鉴于最近漏洞频发，为了完全解决漏洞问题，我想V2的实现需要一轮重构。

相信大家都是为了更好的Project V而来此献言献策，大家各持己见来讨论，有所争论是正常现象，也是很好的现象，但是同时也要保证讨论的高效。bug report为了高效尚且有个模板，这里讨论就不规定模板了，但是希望大家是带着如下的思路进行发言：

**1. 当前存在xx问题，新的xx实现有xx特性，可以解决/规避上述问题。

当前缺失xx需求，这个需求有xx应用场景，增加xx功能可以满足该需求。
我认为xx提出来的方案x中第x点，存在x问题，可以使用xx实现，让x方案更完善。
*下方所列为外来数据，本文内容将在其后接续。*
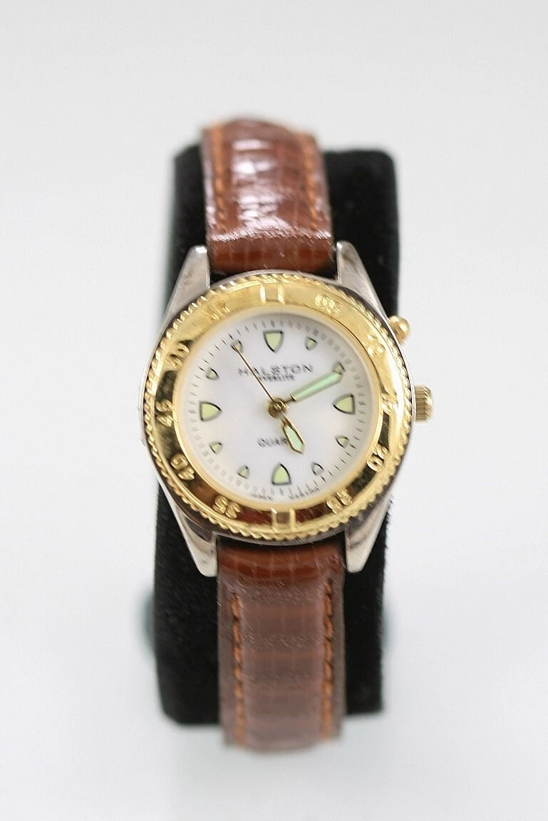 Halston Watch Women Stainless Gold Silver WR Leather Brown Light White Quartz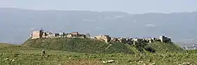 - الأسوار: تحيط بقمة المرتفع، ويبلغ قطرها الوسطي حوالي 300 متر، وهي مبنية من الحجر الكلسي المنحوت والضخم، وتتداخل الأسوار مع الأبراج بقوة وتترابط فيما بينها، وللقلعة تسعة عشر برجًا تتميز بضخامتها وقوة تحصيناتها، إلا أن أبراج الجهة الغربية، أقل عددًا وأصغر حجمًا حيث أن مرامي السهام المنتشرة على الأسوار تؤمن الحماية الكاملة من هذه الجهة مع المنحدر. أما سفوح التل، فهي شديدة الانحدار ومزودة بتصفيح حجري لتوفير الحماية المطلوبة للقلعة.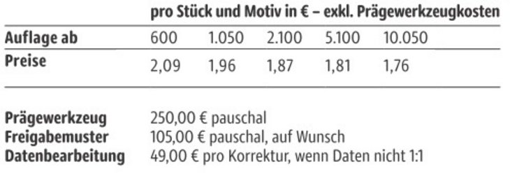 Preisliste XS-Prägedose Pulmoll Pastillen mit Logo Details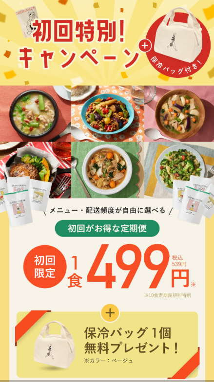 グリーンスプーンでは初回特別価格で購入できる&保冷バッグがもらえるキャンペーンを実施しています。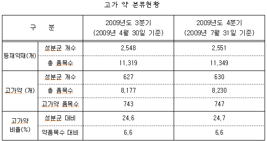 ÃÖ±Ù °Ç°º¸Çè½É»çÆò°¡¿ø ½É»ç2ºÎ´Â ¡®09³â 4ºÐ±â ¾àÁ¦±Þ¿© ÀûÁ¤¼ºÆò°¡ ½Ã Àû¿ëÇÏ´Â °í°¡¾à ºÐ·ù±âÁØ ¹× °í°¡¾à ¸ñ·ÏÀ» ȨÆäÀÌÁö¿¡ °ø°³Çß´Ù.

**

带着可能的解决方案，哪怕是还存在问题的、不成熟的方案或思路来，都是对讨论有好处的。鉴于每个人的需求不太一样，不可能一个协议就满足所有的场景。

所以讨论中不要出现用A代替B，用B代替A，C已经没救了，D永远不能得到解决，鹦鹉死了这种事情，我想这不是一种解决问题的态度。虽然我们知道永远不可能达到完美，但是仍然要追求完美。像提出A1, A2的优化方案代替A; B1, B2的方案代替B，讨论才能有所推进，有所成效。

明白大家漏洞当前，表达观点的急切心情，但是还是按规矩来，带着问题、分析、方案来讨论。感谢大家的配合了！！！（不按规矩来的，根据有无一定的建设性，进行评论折叠）

以下是我的需求分析、对现有方案的一些思考、总结，以及最后的整体设计思路

首先从需求着手，考虑到Project V本身是个网络工具平台，我想不能狭义的将它理解为科学上网的工具。它是有很多不同的使用场景的，如局域网内的传输，是不是明文会更高效；公网两台主机之间的传输，或许只需要单纯加密和数据完整性检查；有webserver的人呢，又有通过ws/h2传输的需求，过CDN的需求；有些人说，诶，我要搞加速器，用UDP暴力发包，不要握手；有些人说我这里UDP被QoS了，你要搞TCP给我用。这么一看，场景是丰富的，需求是多样化的。

其次是加密的问题。没有永远安全、绝对安全的协议，毕竟防御要面面俱到，攻击只需要一个漏洞。因此我们需要借用集体智慧，采用广泛使用的，有许多人共同进行研究与维护的协议，以便出现问题时，及时得到上游集体智慧的解决方案。越广泛使用，越多人研究和维护，就越能保证与时俱进的安全。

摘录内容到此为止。